Not so long-ago mum was diagnosed with leukaemia and was receiving treatment at the Christie Hospital in Manchester. She had the best possible care and support from the Christie, but sadly mum contracted Coronavirus and with her immune system being compromised her body could not fight off the virus. She passed away peacefully on Wednesday 20th January. Her passing has left a great hole in all of our hearts, and she will be greatly missed.

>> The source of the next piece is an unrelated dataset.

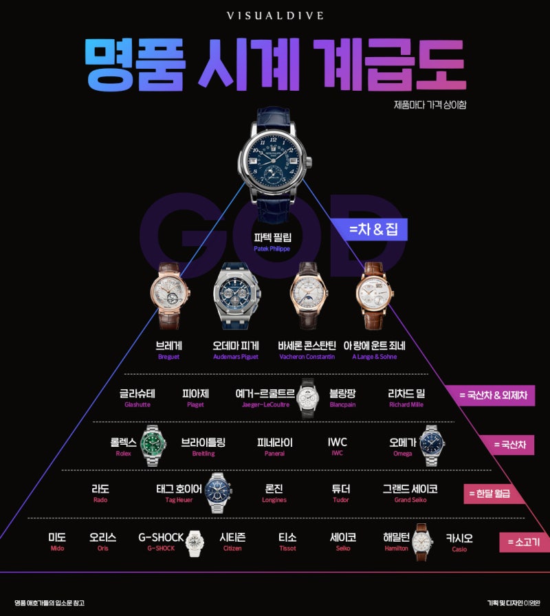 C:노모스, 래드, 보메 메르시에, 프레데릭 콘스탄트, 튜더B:태그호이어, 벨앤로스, 론진, 몽블랑, 에르메스B+:오메가, 브라이트링, 파넬라이, 코람, 불가리B클래스부터는 워치에 별 관심이 없는 저도 아는 브랜드들이 슬슬 등장하기 시작하네요.주로 30대, 40대가 착용하는 남성용 시계가 많이 분포하는 라인이기도 합니다.론진태그호이어는 손흥민 선수가 모델이고 론진 같은 경우는 요즘 드라마에서도 협찬으로 많이 보거든요?인지도를 점점 높이고 있는 것 같다.아무튼 C에서 B라인까지 오면 기본적인 금액은 400~500만원 사이로 껑충 뛰어오릅니다(^^) 남자들의 시계세계란…A: 위브로, IWC, 롤렉스, 카르티에, 반클리프 앤 아펠 A+: 제니스, 쇼퍼드, 헬리윈스턴, 율리즈널든, 리처드 밀 A클래스에 오르면 억대가 넘는 시계가 등장합니다.그런데 현실은 이 위에 더 높은 등급이 있다는 거.www특히 롤렉스는 정가로 구매하는 것이 거의 불가능하기 때문에 프리미엄을 붙여 구매해야 할 정도로 남성시계 계급도 중에서도 인기, 인지도가 상당히 높은 브랜드 중 하나입니다.A클래스에서도 그렇게 인기가 많고 고가의 시계가 많았지만 S, BIG5는 넘을 수 없는 벽이라고 할 수 있습니다.S:랑에운드체크네,예글쿠르트,블랑팡,자케드로,질라드페르고,그뤼벨포지BIG5:파텍필립,바쉐론콘스탄틴,브레게오데마피게라스는집한채가아니라10채나가볍게살정도의가격대의모델도많죠?..현실적으로구매가가능할까생각도들고,그사세가아닌가싶습니다.www출처 : 필웨이남자 시계 계급도 외에 2022년도에 실질적으로 인기 있는 거래가 많았던 TOP 10 브랜드 목록입니다, 역시 롤렉스가 1위를 차지하고 있었어요?그 뒤로는 오메가, 태그호이어, 까르띠에 순으로 인기가 많아요!위에서 살펴본 순위와 실질적인 인기도는 조금 다른 결과죠?오늘 이렇게 남성시계, 지갑 계급도를 알아보고 2022ver. 인기도 높은 BEST 10까지 함께 체크해봤습니다.알려진 계급과는 달리 실제 거래가 많은 브랜드는 조금 차이가 있었던 것 같아요!어디까지나 참고만 하시고 재미삼아 봐주셨으면 좋겠습니다. : )20대, 30대 남자지갑 클러치백 계급도 추천정리 (f. 카드지갑) 안녕하세요 초입니다! 처음 남자지갑 계급도가 등장한 지 2년 정도 시간이 지났는데 아직도 그 인기가.blog.naver.com20대, 30대 남자지갑 클러치백 계급도 추천정리 (f. 카드지갑) 안녕하세요 초입니다! 처음 남자지갑 계급도가 등장한 지 2년 정도 시간이 지났는데 아직도 그 인기가.blog.naver.com20대, 30대 남자지갑 클러치백 계급도 추천정리 (f. 카드지갑) 안녕하세요 초입니다! 처음 남자지갑 계급도가 등장한 지 2년 정도 시간이 지났는데 아직도 그 인기가.blog.naver.com

My lasting memories of Mum are simple: a hard-working, passionate figure of strength who never stopped loving and protecting her family. A woman who always spoke her mind, even when it wasn’t helpful, but that was what we loved her for. She was a woman that would always go the extra mile and put others before herself. She really was one in a million. And this is how she will stay and remain in our hearts and minds forever.
There is so much more I would like to say, but alas time does not permit. I would like to close by saying, thank you to everyone for attending today. My family and I are grateful for the support and care we have received from Pastor Mark and all at Borras Park.